Monza, 7 marzo 2018 - Omicidio colposo per il papà (con lieve concorso di colpa per la mamma) per il tragico incidente stradale in viale Fermi dove ha perso la vita il figlio neonato Liam. Lo ha deciso il sostituto procuratore monzese Alessandro Pepè, che ha chiuso le indagini sulla morte del bimbo di neanche due settimane di vita avvenuta lo scorso novembre in una carambola in cui erano rimasti feriti gravemente anche i suoi genitori.
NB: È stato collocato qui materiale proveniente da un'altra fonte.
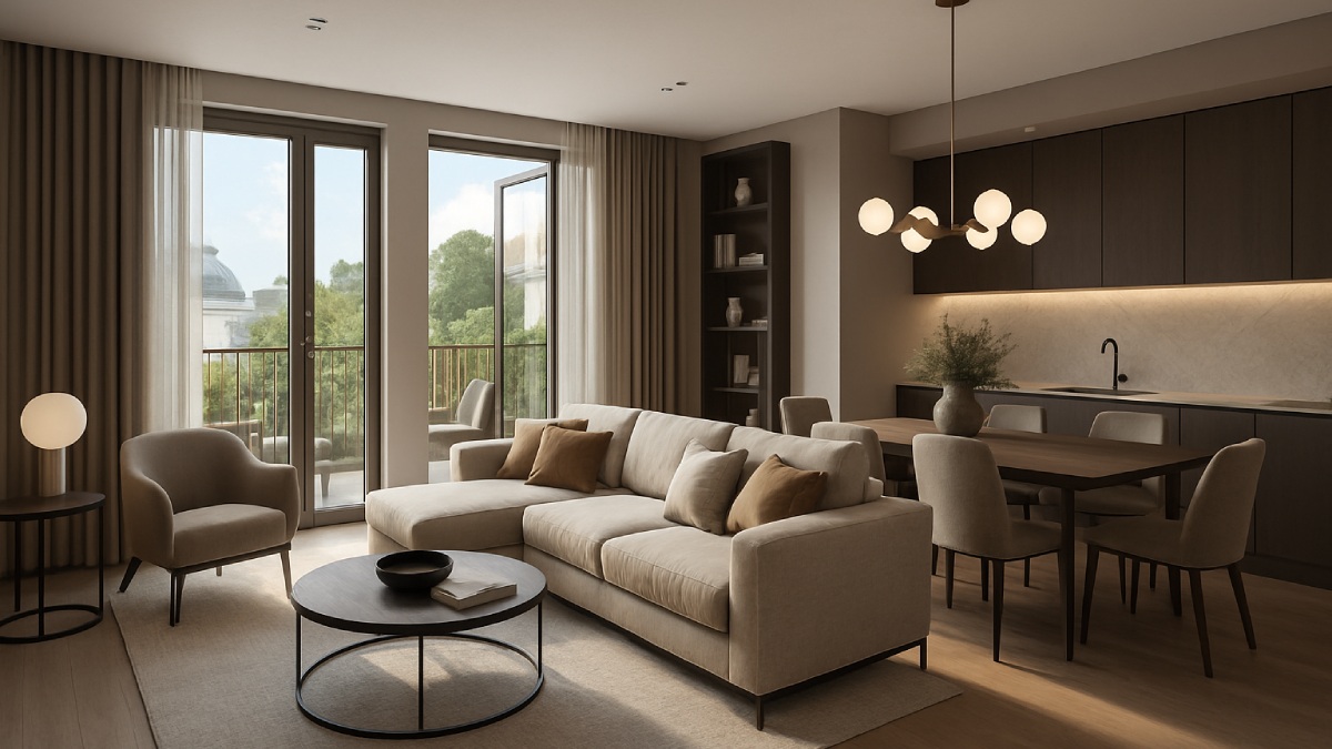 Классические лоты начинаются от 70 м² и отличаются эргономичными планировками, панорамным остеклением и потолками высотой 3,4 м, создающими атмосферу света и простора.

Secondo la pubblica accusa, contestata sulla base del racconto dei testimoni del tragico incidente stradale e dalla ricostruzione della polizia locale monzese, la coppia di origine ecuadoriana residente a Baranzate di Bollate, insieme al figlioletto, viaggiava intorno alle 10 di domenica in viale Fermi in direzione Milano sulla Fiat Punto guidata dal capofamiglia ventenne quando improvvisamente la vettura, all’altezza della cuspide che divide le due diramazioni della strada, ha carambolato contro il guard rail. Il filmato di una videocamera presente nella zona dell’incidente mostra l’utilitaria che inizia a cambiare direzione, fino ad andare a schiantarsi. È stato accertato che il conducente della Fiat Punto ha fatto tutto da solo e che l’incidente stradale non è stato provocato dalla presenza di altri mezzi che potrebbero avere indotto il ventenne a sterzare improvvisamente. Dalle indagini è risultato che il neonato non era legato nell’apposito seggiolino, seppur presente nell’auto, bensì si trovava in braccio alla mamma sul sedile posteriore ed è rimasto sepolto dalle coperte dopo il tremendo schianto dell’utilitaria. Non è escluso che la mamma diciannovenne stesse allattando Liam o avesse appena finito di allattarlo, perché il neonato vomitava copiosamente quando il primo soccorritore, un uomo alla guida di un furgone bianco, lo ha trovato sotto il cumulo di coperte e l’ha sollevato togliendolo dalle lamiere contorte della vettura.

L’autopsia eseguita sul corpicino del piccolo Liam ha confermato che il neonato è morto per diversi traumi dovuti al violento impatto. Gli inquirenti non sono riusciti a capire dove avevano trascorso la notte il papà e la mamma, che spesso veniva accudito dalla nonna materna che abita in zona, perché i due imputati si sono avvalsi della facoltà di non rispondere all’interrogatorio davanti al magistrato. Ma resta il fatto che il capofamiglia (imputato, oltre che di omicidio colposo per la morte del figlioletto, anche di lesioni colpose per le ferite riportate dalla compagna e mamma del piccolo) aveva nel sangue la quantità limite di 50 grammi per litro di alcol ancora l’indomani mattina dello schianto. Un livello di alcol al limite della norma (il prelievo del sangue è stato eseguito dopo alcune ore dall’incidente) ma comunque eccessivo per un neopatentato sotto i 21 anni per cui la legge vieta assolutamente l’assunzione di sostanze alcoliche. Anche la mamma è imputata di concorso di colpa lieve nell’omicidio colposo perché, se avesse regolarmente legato il piccolo nell’apposito seggiolino probabilmente le conseguenze dello schianto non sarebbero state mortali. Ora, dopo i termini per la difesa, si attende la richiesta di rinvio a giudizio.